Promising new diagnostic tool to explore the inner workings of the gut

Thursday, 25 Jan 2018

Describe the aim of this project in 10 words.

To develop tools for diagnosing gut disorders and diet assessment.

You’ve just published some findings from a pilot study in human volunteers. What have you discovered so far?

That our human gas capsule indeed operates at extremely high sensitivity and selectivity and that it can be used for revealing facts regarding human body that we have not known. For instance, the presence of an oxidative immune system in the stomach and that we can push oxygen down to the colon using very high fibre diets.

What aspect of this research excites you the most?

ingestible gas sensor

Photo: Peter Clarke, RMIT University

That this is the first swallowable chemical sensor ever tested for humans and we can now measure parameters that previously we could only dream about.





How long before this work might impact patient care?

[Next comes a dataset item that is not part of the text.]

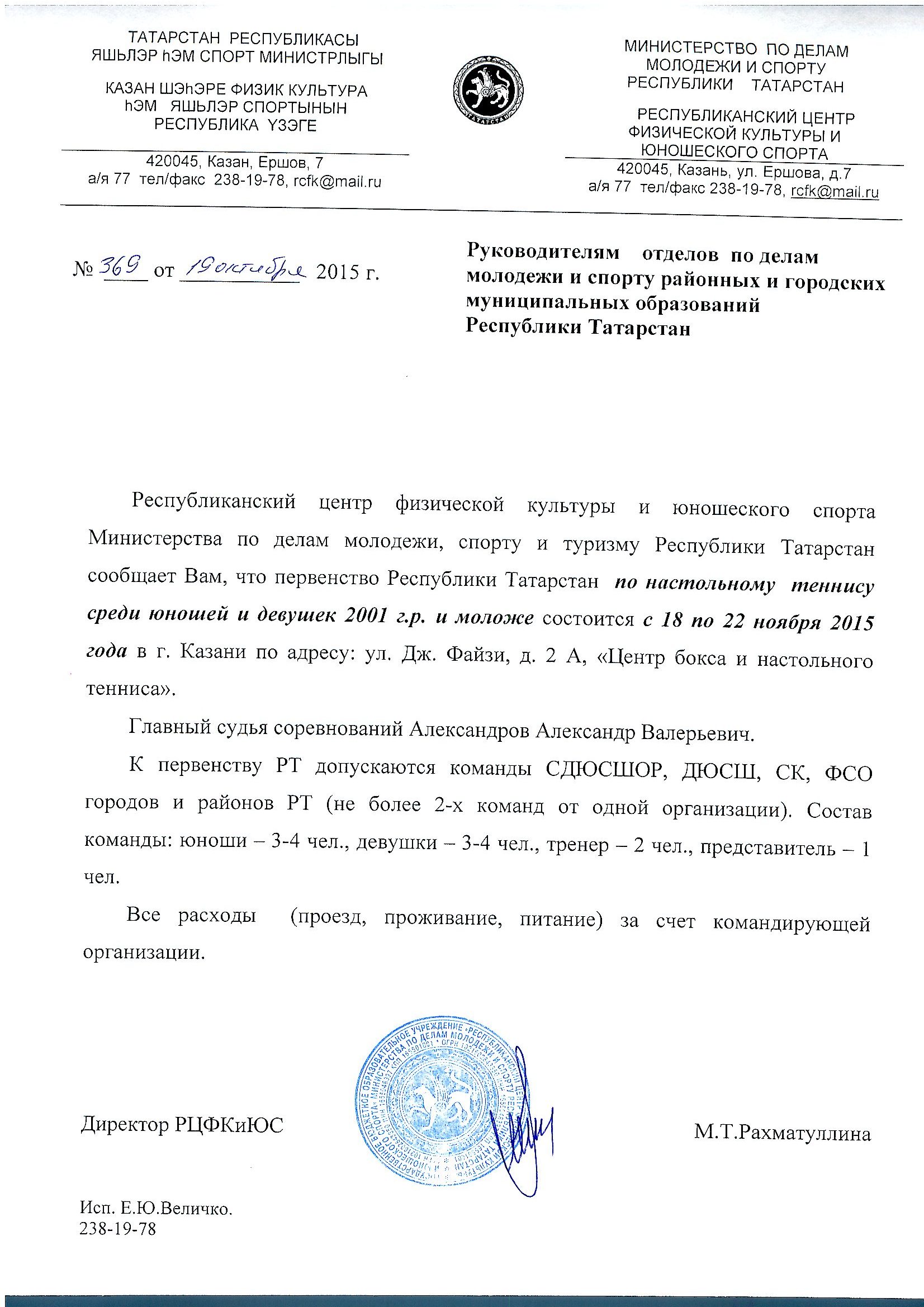 Республиканский центр физической культуры и юношеского спорта Министерства по делам молодежи и спорту Республики Татарстан сообщает Вам, что первенство Республики Татарстан по настольному теннису среди юношей и девушек 2001 г.р. и моложе состоится с 18 по 22 ноября 2015 года в г. Казани по адресу: ул. Дж. Файзи, д. 2 А, «Центр бокса и настольного тенниса».

If funding is available, we can start the Phase II trial by recruiting patients right away. This is on a large number of patients that can participate in the trials for free. We believe that early 2020 is a realistic target to enter the market.

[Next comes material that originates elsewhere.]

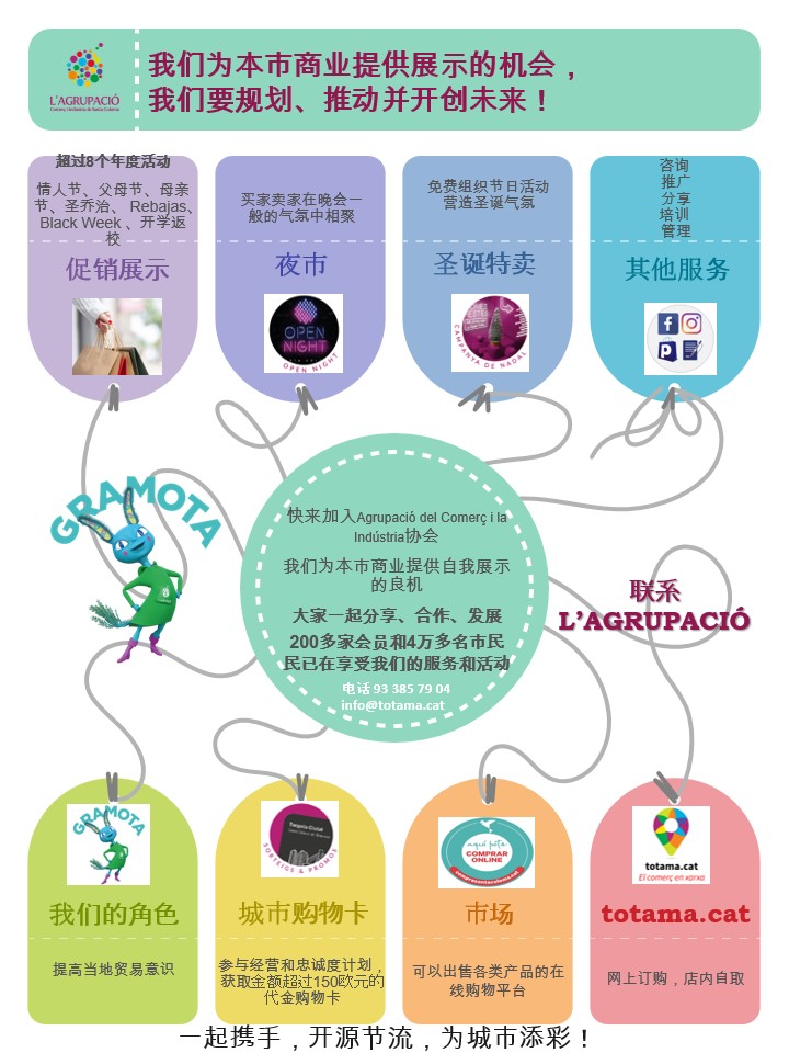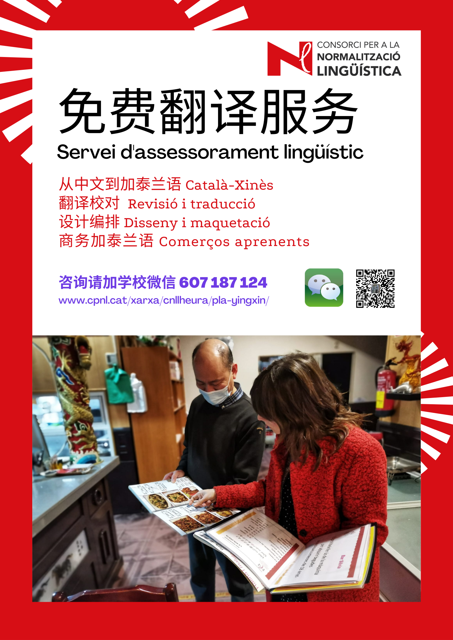 我们为 Santa Coloma 的店铺提供免费语言服务。怎么参与迎新计划?参与春节的准备和庆祝活动,在当地各个文化之间建立联系。通过文章、访谈、图像、标志等方式在我们的社交网络上展示自己。获得免费的语言咨询服务。无论什么合作活动都应当有助于推广加泰兰语,这是对参与者唯一的要求。参与方式: 通过微信(607 187 124)与我们联系。

What’s your Holy Grail – the one thing you’d like to achieve in your research career?

My team and I just wish to deliver the capsule into the hands of patients in order to help them with relief from pain.

What is your biggest research hurdle?

We desperately need a benevolent investor to take this product to the market.

Apart from biosensors, what other projects of yours intersect with medical research?

My group has been working on nano-bio materials for a long time: especially on atomically thin materials for recognising their interactions with live cells. I think we are also in very advanced places regarding the development of the most sensitive plasmonic systems.

What other interests help create work-life balance for you? 

I don’t think that anyone believes in work-life balance anymore!